## Radar Charts: Performance Comparison Across Benchmarks and Domains
### Overview
Two radar charts compare the performance of five AI models across different benchmarks (left) and academic domains (right). The charts use color-coded lines to represent models, with SwS-32B (red) consistently outperforming others in most categories.
### Components/Axes
**Legend (Top-Left of Both Charts):**
- Qwen2.5-32B (Gray dashed)
- Qwen2.5-32B-IT (Blue dashed)
- ORZ-32B (Orange dashed)
- SimpleRL-32B (Green dashed)
- Baseline-32B (Purple dashed)
- SwS-32B (Red solid)
**Chart (a) - Performance across Benchmarks:**
- **Axes (Clockwise from Top):**
1. GSM8K (96.3)
2. MATH (89.4)
3. AIME@32 (31.2)
4. AMC23 (90.0)
5. GaoKao 2023 (80.3)
6. Olympiad Bench (60.5)
7. Minerva Math (47.1)
**Chart (b) - Performance across Domains:**
- **Axes (Clockwise from Top):**
1. Prealgebra (96.3)
2. Intermediate Algebra (84.1)
3. Number Theory (66.5)
4. Precalculus (72.3)
5. Counting & Probability (57.1)
6. Geometry (60.8)
7. Algebra (76.6)
### Detailed Analysis
**Chart (a) Trends:**
- SwS-32B (Red) dominates all benchmarks, peaking at 96.3 (GSM8K) and maintaining >80% in 5/7 categories.

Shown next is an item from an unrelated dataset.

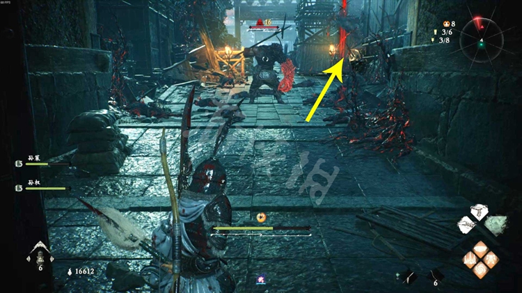 进入城门,来到街上击败守卫的怪物开掉牙旗点。

- Qwen2.5-32B-IT (Blue) shows strong performance in MATH (89.4) but struggles in Minerva Math (47.1).
- Baseline-32B (Purple) has the lowest scores, with 31.2 (AIME@32) and 60.5 (Olympiad Bench).
- ORZ-32B (Orange) and SimpleRL-32B (Green) show mid-tier performance, with ORZ-32B excelling in AMC23 (90.0).
**Chart (b) Trends:**
- SwS-32B maintains dominance, with 96.3 (Prealgebra) and 84.1 (Intermediate Algebra).
- Qwen2.5-32B-IT (Blue) performs best in Number Theory (66.5) but weakest in Geometry (60.8).
- Baseline-32B (Purple) scores lowest in Counting & Probability (57.1) and Geometry (60.8).
- ORZ-32B (Orange) shows consistent mid-range performance (72.3-84.1).
### Key Observations
1. **SwS-32B Superiority:** Red line consistently leads in both charts, suggesting it's optimized for these tasks.
2. **Qwen2.5-32B-IT Variability:** Blue line shows high variance (e.g., 89.4 in MATH vs. 47.1 in Minerva Math).
3. **Baseline-32B Weakness:** Purple line underperforms across all categories, indicating fundamental limitations.
4. **Domain-Specific Gaps:** Minerva Math (47.1) and Geometry (60.8) are weak points for most models.
### Interpretation
The data reveals SwS-32B as the most robust model across both benchmarks and academic domains, likely due to specialized training. Qwen2.5-32B-IT's performance suggests it excels in specific areas (e.g., MATH) but lacks generalization. The Baseline-32B's poor results highlight the importance of architectural complexity. Notably, Minerva Math and Geometry represent systemic challenges for current models, possibly due to insufficient training data or task complexity. These insights could guide targeted model improvements or domain-specific adaptations.